My bad for not running _all_ BioPerl tests. I obviously underestimated
the scope of my changes and I should have run all tests...
Florent
PS/ Thank god there is SVN -_-'
On 18/02/10 13:48, Hilmar Lapp wrote:
> Thanks Jason - your help is hugely appreciated.
>
> -hilmar
>
> Sent from away
>
> On Feb 17, 2010, at 6:22 PM, Jason Stajich <jason at bioperl.org> wrote:
>
>> I rolled back.
>> The fix seems to just be to make the default Bio::Seq not
>> Bio::PrimarySeq in terms of what the factory return and undo some of
>> the explicit expectations in the code. I think this speedup is a
>> special case and Bio::Seq still needs to be the default but you
>> override it when you want Bio::PrimarySeq objects only.
>>
>> Florent for your purposes you need to just set the type in your scripts.
>>
>> And in the future - you must run tests before committing something,
>> especially one that touches so many files!
>>
>> I think I've unrolled most of the defaults while keeping the new type
>> method intact.
>>
>> There are still warnings and few failed tests to followup.
>>
>> Okay - I am really now in favor of breaking the modules into packages
>> test running taking forever and this is way unwieldy. I am looking
>> forward to seeing things in smaller pieces somehow.
>>
>> -jason
>> Robert Buels wrote:
>>> OK, well are you guys going to roll them back and do a branch?

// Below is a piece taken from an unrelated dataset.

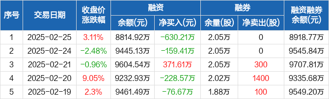 普瑞眼科:融资净偿还630.21万元,融资余额8814.92万元(02-25)

>>> Broken trunk is not good.
>>>
>>> R
>>>
>>> Jason Stajich wrote:
>>>> hmm yes. Let's roll back those Florent.
>>>>
>>>> I guess we need to also discuss the concept of branches again here
>>>> for major changes like this. The speed fix is helpful for short
>>>> read but probably not for all systems so just having the ability to
>>>> provide the right type when you use your scripts focused on
>>>> short-reads might be the best way to go forward and preserve
>>>> backwards compatibility.
>>>>
>>>> -jason
>>>>
>>>> Chris Fields wrote:
>>>>> Yes, except that tests are now failing on live. Bio::PrimarySeq
>>>>> isn't a Bio::SeqI, so it's a bit of an API change in a lot of
>>>>> places expecting a Bio::SeqI. We should make this optional for
>>>>> the time being, until we discuss it more on list.
>>>>>
>>>>> chris
>>>>>
>>>>> On Feb 16, 2010, at 10:57 AM, Jason Stajich wrote:
>>>>>
>>>>>> Great! thanks for committing it.
>>>>>>
>>>>>> Florent Angly wrote:
>>>>>>> Thanks for your reply Jason. It's very valuable since you coded
>>>>>>> the modules in question!
>>>>>>>
>>>>>>> Now that I understand the purpose of these modules, I did a
>>>>>>> little bit of documentation clarification. I also figured out
>>>>>>> that I should implement the 'type' method in
>>>>>>> Bio::Seq::SeqFastaSpeedFactory and made it support creating
>>>>>>> Bio::PrimarySeq. This is all committed to SVN.
>>>>>>>
>>>>>>> When sequences are large, you are right that it does not make
>>>>>>> much difference in time or memory resource to use one sequence
>>>>>>> type over the other. However, that's different for short
>>>>>>> sequences. I took a FASTA file weighting 39.3 MB and containing
>>>>>>> 360,000 sequences of 106 bp on average.
>>>>>>>
>>>>>>> CASE 1:
>>>>>>> Requested factory Bio::Seq::SeqFactory
>>>>>>> Requested sequence type is Bio::Seq
>>>>>>> Memory used: 329 MB
>>>>>>> Time spent: 1m8.522s
>>>>>>>
>>>>>>> CASE 2:
>>>>>>> Requested factory Bio::Seq::SeqFactory
>>>>>>> Requested sequence type is Bio::PrimarySeq
>>>>>>> Memory used: 246 MB
>>>>>>> Time spent: 0m52.663s
>>>>>>>
>>>>>>> CASE 3:
>>>>>>> Requested factory Bio::Seq::SeqFastaSpeedFactory
>>>>>>> Requested sequence type is Bio::Seq
>>>>>>> Memory used: 298 MB
>>>>>>> Time spent: 0m31.292s
>>>>>>>
>>>>>>> CASE 4:
>>>>>>> Requested factory Bio::Seq::SeqFastaSpeedFactory
>>>>>>> Requested sequence type is Bio::PrimarySeq
>>>>>>> Memory used: 231 MB
>>>>>>> Time spent: 0m28.500s
>>>>>>>
>>>>>>> Clearly, when only simple sequence attributes are needed or
>>>>>>> FASTA files are used, it's fast and memory efficient to use the
>>>>>>> SeqFastaSpeedFactory with PrimarySeq.
>>>>>>>
>>>>>>> Florent
>>>>>>>
>>>>>>>
>>>>>>> On 16/02/10 10:03, Jason Stajich wrote:
>>>>>>>> I don't think that aspect of the documentation vs interface was
>>>>>>>> ever implemented - the interface object doesn't specify a type
>>>>>>>> method or init argument even though the documentation says so.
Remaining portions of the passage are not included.